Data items
--------------------------------------------------

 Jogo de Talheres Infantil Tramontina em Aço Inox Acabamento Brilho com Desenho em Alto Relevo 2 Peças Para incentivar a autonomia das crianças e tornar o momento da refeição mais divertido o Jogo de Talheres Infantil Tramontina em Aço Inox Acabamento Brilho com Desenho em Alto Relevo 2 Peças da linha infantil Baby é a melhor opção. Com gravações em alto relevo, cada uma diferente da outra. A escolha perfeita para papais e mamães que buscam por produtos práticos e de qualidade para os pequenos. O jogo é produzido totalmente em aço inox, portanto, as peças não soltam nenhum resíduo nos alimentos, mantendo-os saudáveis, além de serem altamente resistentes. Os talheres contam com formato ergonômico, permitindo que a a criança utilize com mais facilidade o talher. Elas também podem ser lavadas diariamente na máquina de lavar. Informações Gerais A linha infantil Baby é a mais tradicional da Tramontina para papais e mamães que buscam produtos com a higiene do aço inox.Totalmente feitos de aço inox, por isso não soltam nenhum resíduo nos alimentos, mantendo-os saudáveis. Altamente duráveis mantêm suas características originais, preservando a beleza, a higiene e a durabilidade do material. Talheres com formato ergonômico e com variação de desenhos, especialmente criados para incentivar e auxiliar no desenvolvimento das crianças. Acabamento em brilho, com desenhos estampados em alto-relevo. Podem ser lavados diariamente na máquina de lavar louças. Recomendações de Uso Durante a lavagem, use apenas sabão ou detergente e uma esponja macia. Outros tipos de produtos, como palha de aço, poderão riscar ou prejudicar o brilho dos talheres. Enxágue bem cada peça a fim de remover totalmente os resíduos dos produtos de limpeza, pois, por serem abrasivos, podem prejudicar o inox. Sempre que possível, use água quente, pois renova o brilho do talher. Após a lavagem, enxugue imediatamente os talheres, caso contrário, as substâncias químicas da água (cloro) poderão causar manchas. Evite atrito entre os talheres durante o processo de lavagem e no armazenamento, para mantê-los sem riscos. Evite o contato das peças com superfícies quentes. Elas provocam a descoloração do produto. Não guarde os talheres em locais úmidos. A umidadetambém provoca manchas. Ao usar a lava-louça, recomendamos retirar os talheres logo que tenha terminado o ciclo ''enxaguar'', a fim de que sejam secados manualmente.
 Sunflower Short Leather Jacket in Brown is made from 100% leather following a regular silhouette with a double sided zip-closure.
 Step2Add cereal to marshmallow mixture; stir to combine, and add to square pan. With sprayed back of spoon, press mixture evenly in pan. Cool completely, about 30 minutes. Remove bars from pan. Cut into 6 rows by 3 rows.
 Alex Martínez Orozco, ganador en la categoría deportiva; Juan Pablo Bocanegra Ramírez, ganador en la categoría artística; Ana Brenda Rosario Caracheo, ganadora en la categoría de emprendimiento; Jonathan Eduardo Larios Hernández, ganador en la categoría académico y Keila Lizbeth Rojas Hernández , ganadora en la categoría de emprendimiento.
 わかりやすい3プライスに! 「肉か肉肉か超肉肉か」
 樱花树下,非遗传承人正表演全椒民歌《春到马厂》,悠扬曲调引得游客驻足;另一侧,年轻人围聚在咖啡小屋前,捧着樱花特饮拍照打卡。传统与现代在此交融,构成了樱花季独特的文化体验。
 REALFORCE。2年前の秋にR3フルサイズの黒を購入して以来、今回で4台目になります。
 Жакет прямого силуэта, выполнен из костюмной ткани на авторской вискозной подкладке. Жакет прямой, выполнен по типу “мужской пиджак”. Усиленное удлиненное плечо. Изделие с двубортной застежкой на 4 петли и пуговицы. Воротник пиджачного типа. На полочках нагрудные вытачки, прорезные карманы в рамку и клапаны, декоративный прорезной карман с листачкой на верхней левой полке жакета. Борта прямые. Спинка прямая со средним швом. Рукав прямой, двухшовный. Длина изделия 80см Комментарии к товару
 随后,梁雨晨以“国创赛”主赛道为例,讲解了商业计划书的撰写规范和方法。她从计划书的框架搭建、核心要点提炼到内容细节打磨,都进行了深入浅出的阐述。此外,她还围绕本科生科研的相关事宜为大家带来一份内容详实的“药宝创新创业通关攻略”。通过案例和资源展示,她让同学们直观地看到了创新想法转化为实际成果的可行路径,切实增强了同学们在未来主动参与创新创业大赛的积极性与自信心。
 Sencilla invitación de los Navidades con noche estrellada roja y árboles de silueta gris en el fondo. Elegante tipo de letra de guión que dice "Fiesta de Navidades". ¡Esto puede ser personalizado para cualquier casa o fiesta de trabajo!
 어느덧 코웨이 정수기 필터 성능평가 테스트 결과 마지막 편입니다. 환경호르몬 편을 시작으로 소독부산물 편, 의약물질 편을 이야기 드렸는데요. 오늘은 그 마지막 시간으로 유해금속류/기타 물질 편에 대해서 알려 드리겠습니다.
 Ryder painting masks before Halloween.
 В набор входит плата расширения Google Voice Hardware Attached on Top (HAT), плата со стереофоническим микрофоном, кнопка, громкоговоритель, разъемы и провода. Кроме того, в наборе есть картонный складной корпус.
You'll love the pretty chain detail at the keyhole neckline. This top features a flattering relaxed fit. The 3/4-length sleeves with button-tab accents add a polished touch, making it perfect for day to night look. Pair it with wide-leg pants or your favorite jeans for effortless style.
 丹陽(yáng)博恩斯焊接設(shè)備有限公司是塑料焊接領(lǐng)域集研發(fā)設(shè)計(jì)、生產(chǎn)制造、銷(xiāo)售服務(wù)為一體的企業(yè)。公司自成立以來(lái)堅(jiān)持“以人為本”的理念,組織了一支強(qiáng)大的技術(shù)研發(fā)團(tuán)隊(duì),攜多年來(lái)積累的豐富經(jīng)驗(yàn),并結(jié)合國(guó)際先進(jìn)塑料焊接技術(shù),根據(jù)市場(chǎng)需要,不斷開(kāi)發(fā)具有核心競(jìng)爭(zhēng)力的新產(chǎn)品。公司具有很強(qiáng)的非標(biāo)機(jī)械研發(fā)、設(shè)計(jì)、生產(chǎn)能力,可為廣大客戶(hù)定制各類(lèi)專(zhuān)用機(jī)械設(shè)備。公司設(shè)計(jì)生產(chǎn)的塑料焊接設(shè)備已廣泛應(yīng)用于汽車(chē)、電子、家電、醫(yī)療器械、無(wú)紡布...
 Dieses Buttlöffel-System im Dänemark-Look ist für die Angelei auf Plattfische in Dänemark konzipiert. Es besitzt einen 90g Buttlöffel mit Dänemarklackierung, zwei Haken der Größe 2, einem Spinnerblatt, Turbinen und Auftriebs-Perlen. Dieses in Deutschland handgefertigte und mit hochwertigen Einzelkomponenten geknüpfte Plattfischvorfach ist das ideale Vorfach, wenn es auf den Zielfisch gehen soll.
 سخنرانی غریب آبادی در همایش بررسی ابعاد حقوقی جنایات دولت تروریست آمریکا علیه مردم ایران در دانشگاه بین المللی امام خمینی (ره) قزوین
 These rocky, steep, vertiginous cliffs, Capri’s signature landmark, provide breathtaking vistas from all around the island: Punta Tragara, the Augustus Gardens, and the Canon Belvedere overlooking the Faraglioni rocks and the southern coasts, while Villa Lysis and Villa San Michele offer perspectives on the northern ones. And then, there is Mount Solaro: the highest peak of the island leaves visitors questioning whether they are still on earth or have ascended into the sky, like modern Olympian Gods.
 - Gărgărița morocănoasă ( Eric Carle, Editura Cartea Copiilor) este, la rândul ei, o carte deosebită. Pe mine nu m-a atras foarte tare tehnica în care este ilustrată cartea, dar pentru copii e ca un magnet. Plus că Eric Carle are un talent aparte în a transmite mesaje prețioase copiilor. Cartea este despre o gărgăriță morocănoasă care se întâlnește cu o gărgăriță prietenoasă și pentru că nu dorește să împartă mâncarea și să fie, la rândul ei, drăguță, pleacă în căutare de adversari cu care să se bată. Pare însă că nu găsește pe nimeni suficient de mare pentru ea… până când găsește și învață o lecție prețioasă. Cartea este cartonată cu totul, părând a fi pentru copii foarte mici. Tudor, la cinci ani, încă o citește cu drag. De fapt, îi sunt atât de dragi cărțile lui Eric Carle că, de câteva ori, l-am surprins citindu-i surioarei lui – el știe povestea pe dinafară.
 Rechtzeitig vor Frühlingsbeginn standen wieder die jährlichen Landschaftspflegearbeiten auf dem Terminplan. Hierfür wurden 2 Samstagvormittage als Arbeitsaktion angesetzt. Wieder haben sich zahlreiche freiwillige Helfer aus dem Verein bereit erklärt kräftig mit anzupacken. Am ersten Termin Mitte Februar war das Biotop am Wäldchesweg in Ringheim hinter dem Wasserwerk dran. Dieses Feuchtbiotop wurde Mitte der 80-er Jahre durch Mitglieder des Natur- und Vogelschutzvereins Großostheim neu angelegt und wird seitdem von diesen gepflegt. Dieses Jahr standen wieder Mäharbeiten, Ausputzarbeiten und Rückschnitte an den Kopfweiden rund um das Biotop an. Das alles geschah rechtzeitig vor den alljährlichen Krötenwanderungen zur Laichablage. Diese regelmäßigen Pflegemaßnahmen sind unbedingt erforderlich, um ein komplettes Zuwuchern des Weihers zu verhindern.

--------------------------------------------------

Task description:
Please copy every line in the entries where "into" appears.

Worked solution:
 Step2Add cereal to marshmallow mixture; stir to combine, and add to square pan. With sprayed back of spoon, press mixture evenly in pan. Cool completely, about 30 minutes. Remove bars from pan. Cut into 6 rows by 3 rows.
 These rocky, steep, vertiginous cliffs, Capri’s signature landmark, provide breathtaking vistas from all around the island: Punta Tragara, the Augustus Gardens, and the Canon Belvedere overlooking the Faraglioni rocks and the southern coasts, while Villa Lysis and Villa San Michele offer perspectives on the northern ones. And then, there is Mount Solaro: the highest peak of the island leaves visitors questioning whether they are still on earth or have ascended into the sky, like modern Olympian Gods.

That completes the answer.